BABCOCK, District Judge.

This is a Miller Act case. 40 U.S.C. § 270a. Dawson Construction Co., Inc. (Dawson or prime contractor) and United States Fidelity and Guaranty Company (USF & G) (collectively, defendants) move to stay proceedings. Hearing was held on the motion on July 21, 1995. For the following reasons, I will deny defendants’ motion.

I.

In January, 1992, Dawson contracted with the United States General Services Administration (GSA) for the renovation/conversion of the Byron White United States Courthouse at 1823 Stout Street, Denver, Colorado. Dawson was to be paid over $20 million dollars under the contract. Dawson, as principal and surety, obtained from defendant United States Fidelity and Guarantee Company (USF & G), a $2,500,000 payment bond as required by the Miller Act, 40 U.S.C. § 270b, for the protection of all persons supplying labor and materials. Plaintiff DDC Interiors, Inc. (DDC or subcontractor) is a Colorado corporation which subcontracted with Dawson to furnish labor, materials, and equipment required for framing, drywalling, plastering, painting, wallpaper, and other associated work. The contract specifically excluded “skim coating or resurfacing of existing plaster walls unless shown or specified.” DDC was to be paid $1,585,000 by Dawson, payable as work progressed. During the contract performance, the subcontract amount was increased by approved change orders to over $2,250,000. The last labor was performed by DDC on August 17, 1994.

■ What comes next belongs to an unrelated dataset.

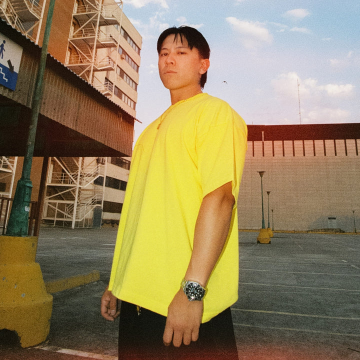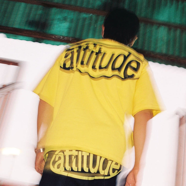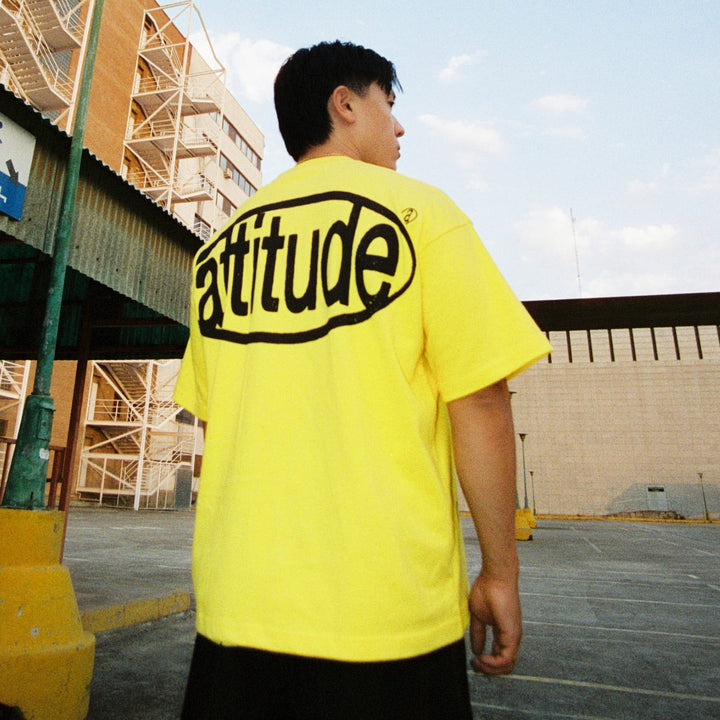 La camiseta boxy amarilla que no pasa desapercibida. Corte oversize, caída perfecta y un estampado ATTITUDE XXL en la espalda que grita quién eres sin decir una palabra.
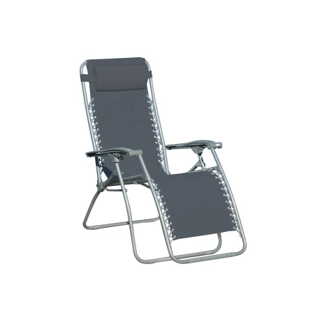 Sdraio reclinabile con robusta struttura in ferro grigio e tubi a 22 mm. La seduta in textilene 600 gr permette una pulizia facile e garantisce resistenza agli agenti atmosferici e traspirabilità. Presenta 5 posizioni differenti.

DDC filed this action under the Miller Act, 40 U.S.C. § 270a and b for the balance due of *272 over $600,000 for alleged approved change orders and extra work. Dawson, the general contractor, moves to stay this action pending completion of its disputes resolution process with GSA. Dawson argues that the stay should issue based on terms of the subcontract. The dispositive issue is whether, and under what circumstances, a government subcontractor can surrender its rights to seek prompt payment under the Miller Act, 40 U.S.C. § 270a and b. I conclude that under the circumstances here, DDC did not clearly and expressly waive its Miller Act rights. Accordingly, I will deny the motion for stay of proceedings.

II.

The predecessor of the Miller Act was the Heard Act, Act of Aug. 13, 1894, ch. 280, 28 Stat. 278. The Heard Act was passed because “many contractors constructing public buildings for the government were insolvent when entering into the contracts or at the completion of the work and because mechanics and materialmen’s liens were not [allowed] on public buildings, persons furnishing labor or material to the contractors [subcontractors] were left without a remedy.” United States v. Daniel, Urbahn, Seelye and Fuller, 357 F.Supp. 853, 857 (N.D.Ill.1973). Before the Heard Act, the practice was for contractors to post a bond for the protection of the United States. Then a statute was passed giving material and labor suppliers (subcontractors) the right to sue on the bond. H.R.Rpt. No. 97, 53d Cong., 1st Sess. 1 (1893). Contractors were obligated to “promptly make payments” to those providing materials and labor (subcontractors). If they did not, the subcontractors could bring suit “in the name of the United States for his or their use and benefit.” Heard Act, 33 Stat. 811-12. However, the Heard Act provided that the subcontractors had to wait six months after completion of all construction before they could sue. On lengthy projects, this was often long after the subcontractors had supplied their labor and material. United States v. Daniel, Urbahn, Seelye and Fuller, 357 F.Supp. at 858-59. The “resultant hardship” on subcontractors was one reason for the repeal of the Heard Act and enactment of the Miller Act. Id. at 859. H.R.Rpt. No. 1263, 74th Cong. 1st Sess. 1 (1935).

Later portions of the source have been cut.